Given a start and end line number, what's the fastest way to read a range of lines from a file into a variable?
views:
121answers:
5
A:
# cat x.pl
#!/usr/bin/perl
my @lines;
my $start = 2;
my $end = 4;
my $i = 0;
for( $i=0; $i<$start; $i++ )
{
scalar(<STDIN>);
}
for( ; $i<=$end; $i++ )
{
push @lines, scalar(<STDIN>);
}
print @lines;
# cat xxx
1
2
3
4
5
# cat xxx | ./x.pl
3
4
5
#
Otherwise, you're reading a lot of extra lines at the end you don't need to. As it is, the print @lines may be copying memory, so iterating the print while reading the second for-loop might be a better idea. But if you need to "store it" in a variable in perl, then you may not be able to get around it.
Update:
You could do it in one loop with a "continue if $. < $start" but you need to make sure to reset "$." manually on eof() if you're iterating over or <>.
eruciform
2010-07-10 19:53:16
3-arg for loops are almost never necessary in Perl. They obscure what's really going on and promote off-by-one errors. Use the range op, simple ranges are optimized and don't generate a list. `$start_after = $start - 1; for (1..$start_after)` and `$lines = $end-$start+1; for(1..$lines)`
Schwern
2010-07-10 22:03:11
@schwern: doesn't the range operator iterate and create each of those numbers in turn? if it's a large range, it can eat up memory. i've always avoided it for unknown ranges...
eruciform
2010-07-10 22:47:00
you know, people, it's polite to put why you think this is such a negative answer. it's correct, it doesn't have some flaws in the other answers, and it shows the whole lifecycle of the example. this negative-bandwagon effect really annoys me on this site sometimes.
eruciform
2010-07-10 23:43:02
@erucifrom Repeat: simple ranges are optimized and do not generate a list. `for ($start..$end)` will create an iterator rather than a list. Anything more complicated and it will generate a list. Perl programmers really dislike 3-arg for loops, and its probably better done with `$.` than two `for`s.
Schwern
2010-07-11 01:23:49
@schwern: thanks, i didn't know about that. i've never heard about iterators in perl, they seem to be a lot data type used in many other languages but not there. if that's the case, then a simple range is better. what happens with the difference between "for my $foo ( 1 .. 2 )" vs "for $foo ( 1 .. 2 )" then? will it create references to the internal values of the range-interators values?
eruciform
2010-07-11 01:59:08
@eruciform Perl doesn't really have iterators, this is just a performance hack.
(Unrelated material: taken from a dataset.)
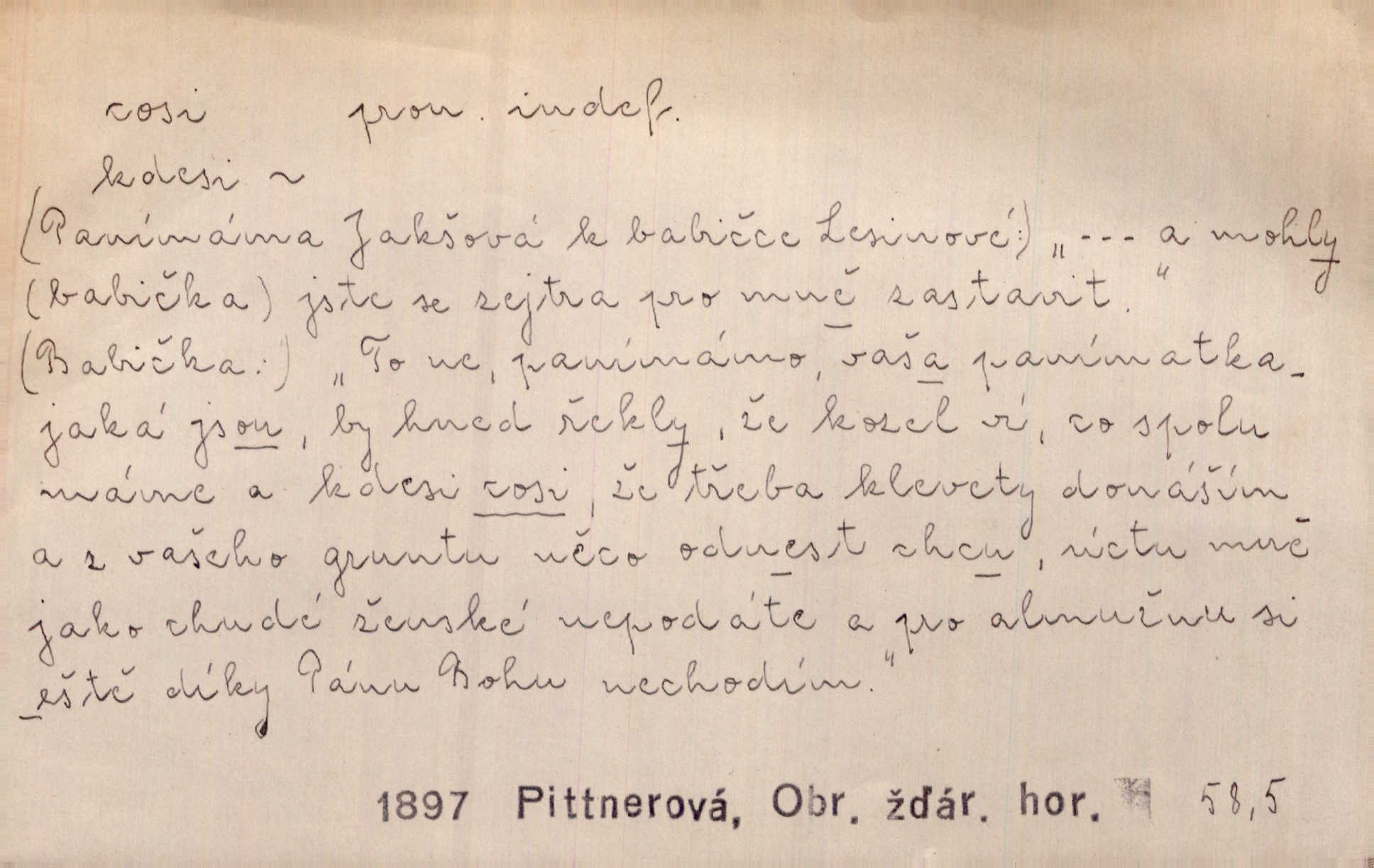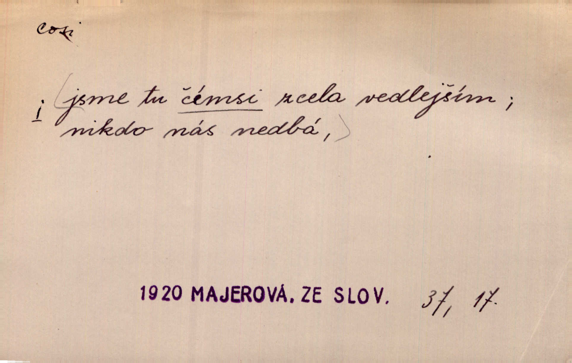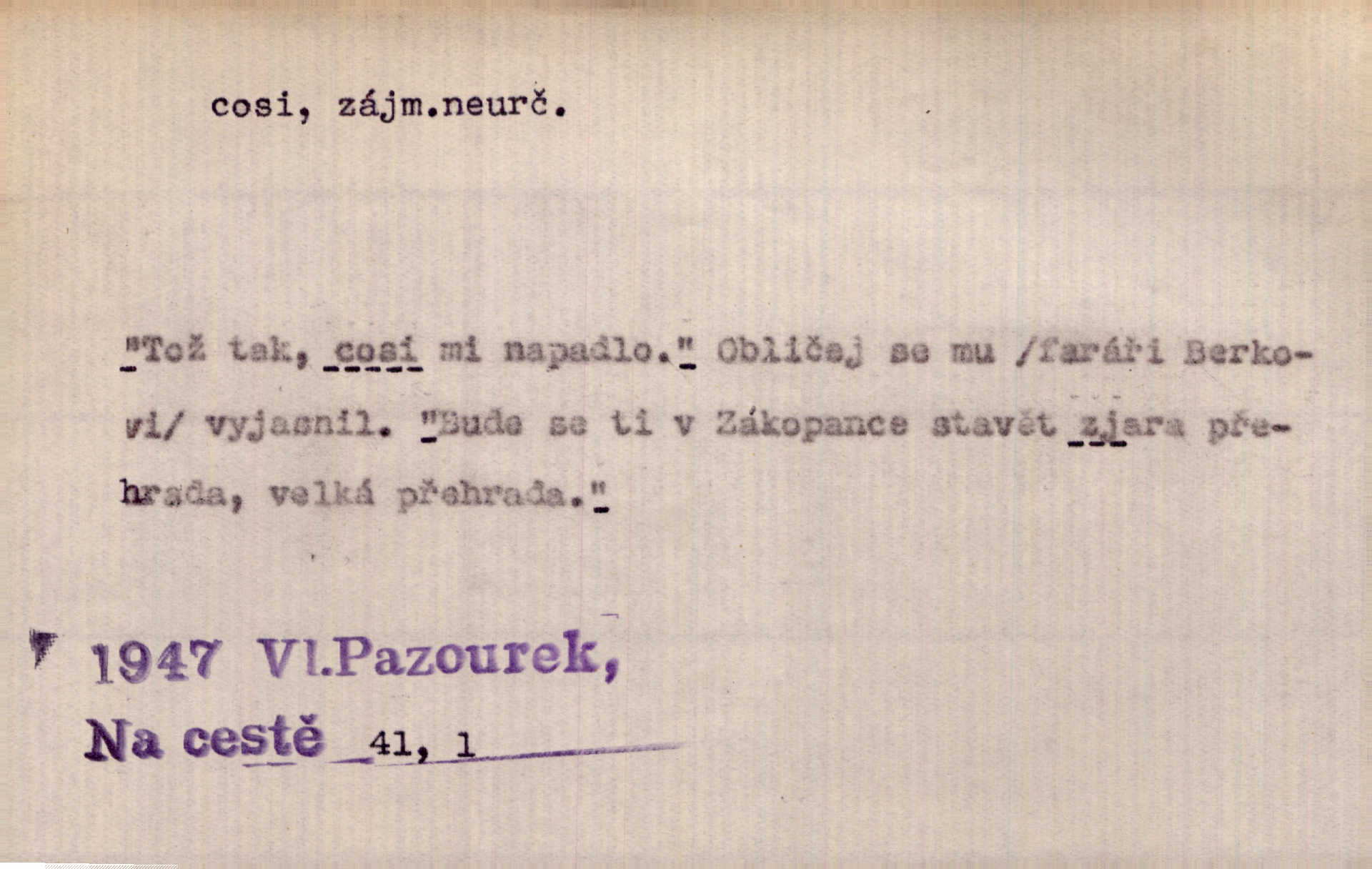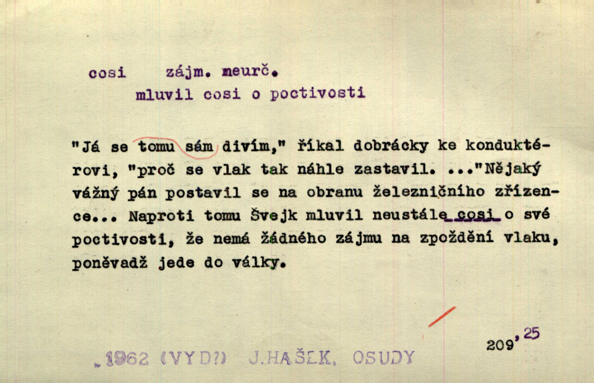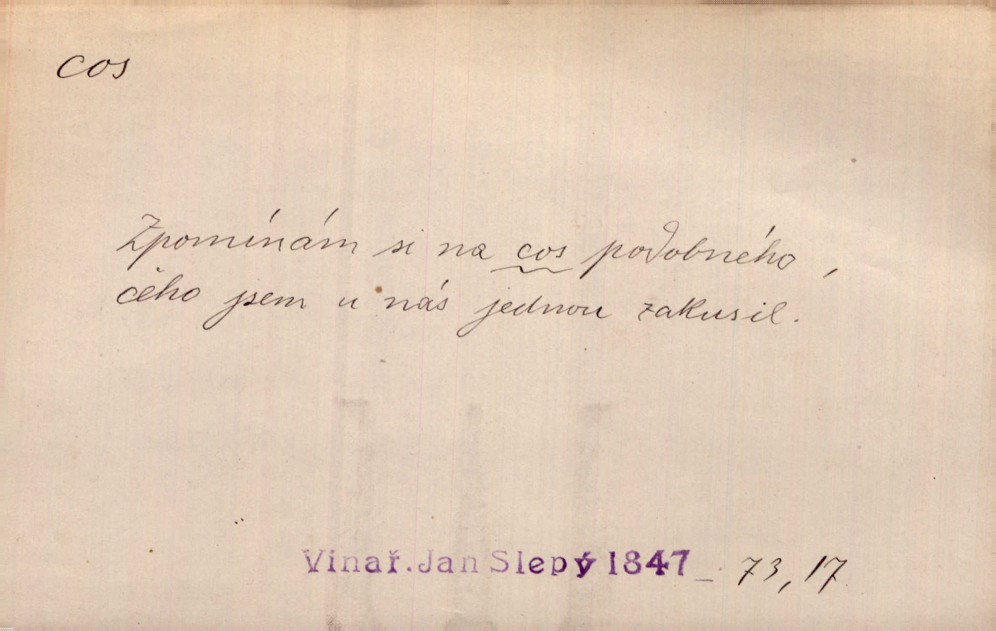 - cos, cosi n. zájm. neurč. označující předmět skutečný. K jezeru vždy ji cos pohání. Erb. V očích slzami zalitých svitlo cosi jako nadšení. Jir. D kdesi cosi všelicos, leccos. Pořád že jsme spolu chodili do školy a kdesi cosi všelijaké povídání. Rais. Arch. Cosi tosi leccos. Doufala, že v nádherném hlučném domě otcovském aspoň cosi tosi z těch myšlených věcí užije. Ondrák.

Its documented in perlop. http://perldoc.perl.org/perlop.html#Range-Operators Both your examples probably copy the value like normal, otherwise you'd get an error when modifying $foo.
Schwern
2010-07-11 09:59:45
+1
A:
The following will load all desired lines of a file into an array variable. It will stop reading the input file as soon as the end line number is reached:
use strict;
use warnings;
my $start = 3;
my $end = 6;
my @lines;
while (<>) {
last if $. > $end;
push @lines, $_ if $. >= $start;
}
toolic
2010-07-10 19:59:47
this doesn't work with multiple files, that's why i warned against using it for <>... try it with a file of 2 lines and a file of 10 lines...
eruciform
2010-07-10 20:07:23
Here is a quote from the Question: "from a file". The Question only requires a single file, not multiple files. Since it works for a single file, it answers the question.
toolic
2010-07-10 20:12:14
If the number of lines is very large, you might get some performance by preallocating `@lines` so it doesn't have to grow. `$#lines = $end - $start + 1`. Might have to be very large to beat Perl's allocator.
Schwern
2010-07-10 22:04:35
A:
Reading line by line isn't going to be optimal. Fortunately someone has done the hardwork already :) use Tie::File; it present the file as an array. http://perldoc.perl.org/Tie/File.html
neal aise
2010-07-10 20:17:36
Normally I'd say to go with the module, but Tie::File is orders of magnitude slower over a large file than a simple loop. Even eliminating the overhead of `tie`. See for yourself. http://gist.github.com/471071
Schwern
2010-07-10 22:17:41
don't have a system to test this. but i would tune various parameters in the module and test (see the link). and is cmpthese appropriate way to compare? (this is io bound. i would test this one method at a time and that too on a freshly booted system)
neal aise
2010-07-10 23:10:41
@techie "orders of magnitude slower" means at least 100x slower (it is actually 50 to 100x slower). This is far beyond a benchmarking glitch.
Schwern
2010-07-11 01:15:54
+2
A:
You can use flip-flop operators
while(<>) {
if (($. == 3) .. ($. == 7)) {
push @result, $_;
}
gonzo
2010-07-10 20:18:10
+6
A:
Use the range operator .. (also known as the flip-flop operator), which offers the following syntactic sugar:
If either operand of scalar
..is a constant expression, that operand is considered true if it is equal (==) to the current input line number (the$.variable).
If you plan to do this for multiple files via <>, be sure to close the implicit ARGV filehandle as described in the perlfunc documentation for the eof operator. (This resets the line count in $..)
The program below collects in the variable $lines lines 3 through 5 of all files named on the command line and prints them at the end.
#! /usr/bin/perl
use warnings;
use strict;
my $lines;
while (<>) {
$lines .= $_ if 3 .. 5;
}
continue {
close ARGV if eof;
}
print $lines;
Sample run:
$ ./prog.pl prog.pl prog.c main.hs
use warnings;
use strict;
int main(void)
{
import Data.Function (on)
import Data.List (sortBy)
--import Data.Ord (comparing)
Greg Bacon
2010-07-10 21:31:13